India has set an ambitious target of achieving an installed steel manufacturing capacity of 300 million tonnes by 2030, with the current capacity standing at around 161 million tonnes. Minister Kulaste emphasized the government’s commitment to the steel industry, mentioning the ongoing discussions about PLI 2.0 and efforts to ensure a stable supply of raw materials. The focus will also be on promoting the use of scrap and incorporating artificial intelligence and new technologies to boost steel output while reducing carbon emissions.

The government had earlier approved PLI scheme 1.0 to enhance the production of specialty steel, creating an additional capacity of approximately 25 million tonnes. Minister Kulaste anticipates significant growth in steel production and demand in 2024, particularly driven by infrastructure projects. The government is actively facilitating the expansion of steel players’ capacities by streamlining project clearances and engaging with state governments.

However, concerns persist within the industry, with the Indian Steel Association (ISA) expressing worries about surging imports and high raw material prices, especially from China and Vietnam. India relies on imports for 90% of its coking coal requirements, and efforts are underway to explore alternative sources. The ISA expects steel production to be in the range of 123-127 million tonnes in FY24.

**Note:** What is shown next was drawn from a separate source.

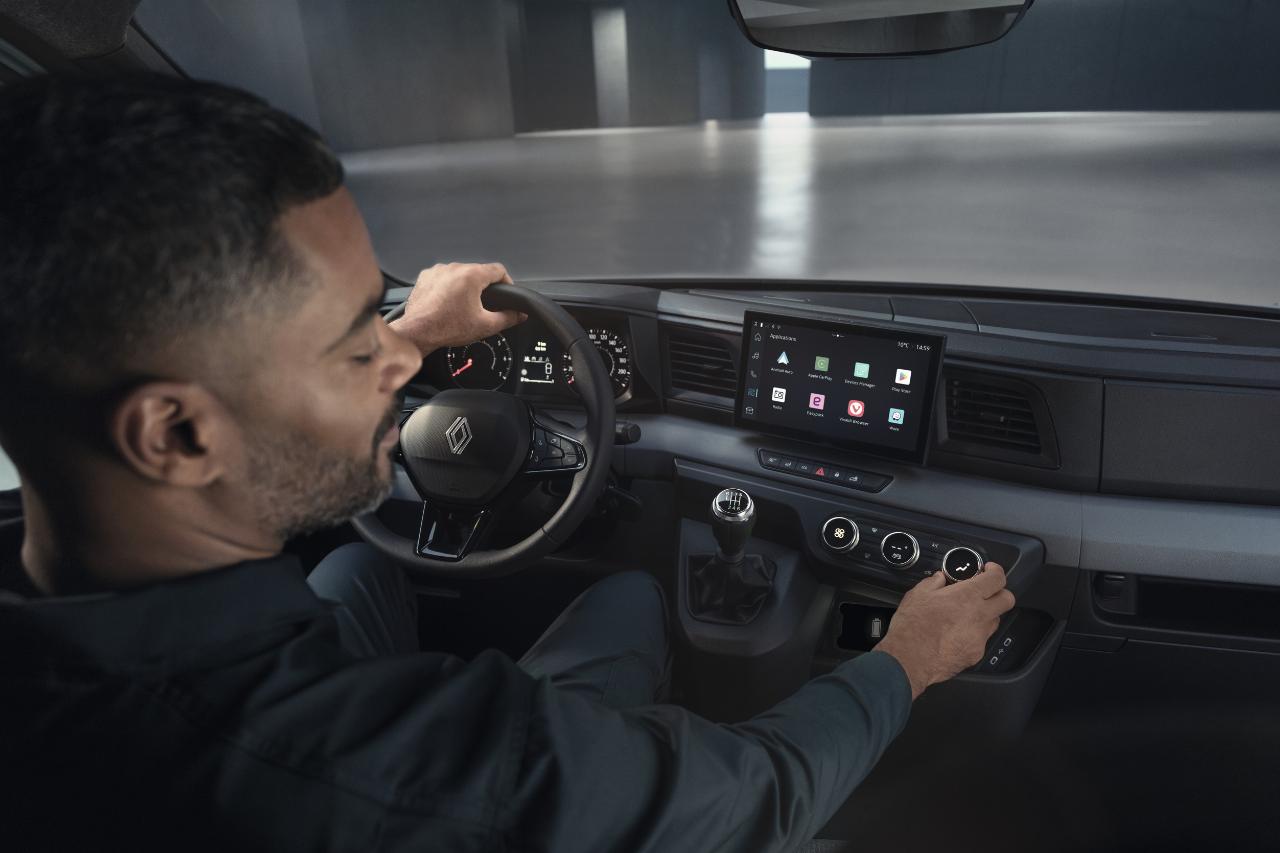 Das Cockpit des neuen Master orientiert sich laut Renault an Pkw-Standards und integriert auch Google-Funktionen. Der Innenraum bietet mit 135 Litern Stauvolumen so viel wie kein anderer Transporter im Segment. Mit an Bord sind außerdem bis zu 20 Assistenzsysteme. Der batterieelektrische Master verfügt zudem über Vehicle-2-X-Funktionen zum Anschluss externer Geräte.

The industry also faces challenges related to steel imports and calls for strong measures from the government to safeguard the domestic market. The government is actively considering the inclusion of refractories in the upcoming PLI scheme 2.0 for steel, aligning with the goal of doubling the country’s steel production capacity to 300 million tonnes by 2030.

Steelmakers, including state-owned SAIL and RINL, are urged to diversify their product mix to meet the growing needs of various sectors requiring steel. Despite challenges, Tata Steel notes green shoots of demand recovery, particularly in infrastructure spending and the auto sector. Other industry experts highlight the steel sector’s resilience in navigating economic fluctuations and disruptions through agile strategies and investment in research and development.